03 SCHOOL ZONE SPATIAL DEEP-DIVE: +58.1% with no external corroboration
A spatial analysis cross-referencing Nexar ride segments against NYC DOT school zone boundaries would determine whether school-proximate roads are driving the school-hours elevation — or whether it is a general time-of-day effect surfacing during the school window.
04 WEATHER ATTRIBUTION · FEBRUARY: Separate snow from penalty-law adjustment
February 2026 peaked at 567.8/M (+221.5%). Adding NOAA snowfall/precipitation data for Feb 2026 vs Feb 2025 would separate weather contribution from policy-change contribution. If snowier, weather explains; if not, the penalty law adjustment period was the driver.

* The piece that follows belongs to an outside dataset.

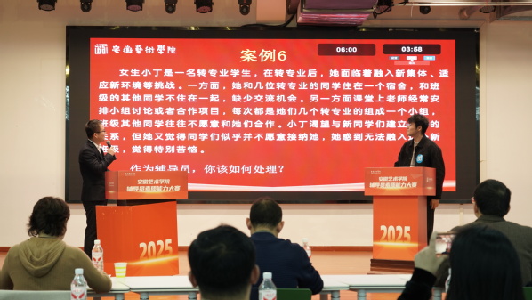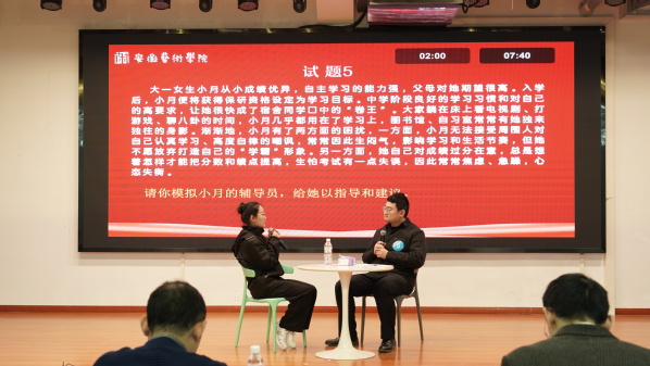 决赛阶段聚焦实战能力,分为案例研讨与谈心谈话两个模块。案例研讨环节紧扣学业困惑、危机应对、网络舆情、职业发展等真实工作场景,选手们精准把握问题关键,结合专业理论提出切实解决方案,充分体现分析研判与实务处置能力。谈心谈话环节通过情景模拟,真实再现辅导员日常工作中的典型沟通情境。面对学生演员呈现的思想波动与成长烦恼,参赛辅导员耐心倾听、共情引导,在温和而坚定的交流中化解心结、传递价值,生动展现了“一把钥匙开一把锁”的育人智慧,现场掌声不断。

05 CRZ ZONE SEGMENTATION: Isolate the congestion-pricing effect precisely
Split the analysis into rides that enter the Manhattan CRZ vs rides that remain outside it. This would isolate the congestion pricing effect precisely and provide Nexar a cleanly attributable metric to share with NYC DOT as evidence of CRZ behavioral impact.
Limitations & Caveats
▲ About This Section Limitations are presented as a first-class section — not a footnote. These define the scope within which the +79.7% headline should be interpreted.
L1 · Collision definition mismatch
Nexar IMU-detected events ≠ NYPD-reportable accidents ≠ traffic fatalities. These are not directly comparable to any city-wide safety statistics. Nexar collisions include minor impacts invisible to NYPD reporting thresholds.
L2 · May 2026 excluded
No May 2026 data was available at time of analysis. The comparison uses four complete months only. May 2026 data would be the critical test of whether the April convergence holds — see Recommendation R1.
L3 · Fleet composition confound
The −12.8% ride volume decline may reflect fleet turnover, not demand. If the surviving 2026 fleet is systematically different from the 2025 fleet, per-ride metrics may be biased. This cannot be resolved without operator-level data — see R2.
L4 · Monthly count gap (~60,000 rides)
A ~60K-ride gap exists between the aggregate total (3,750,716 in 2025) and the sum of monthly counts (3,690,337), due to a Cyrillic city-name variant present in the full-period query but excluded from the monthly breakdown. Rates within each query are self-consistent; the gap does not affect findings.
L5 · Geography encoding
NYC filter uses 4 multilingual city-name variants. A small fringe of rides with non-standard or missing city encoding may be excluded from both periods consistently — making this a stable bias rather than a differential one.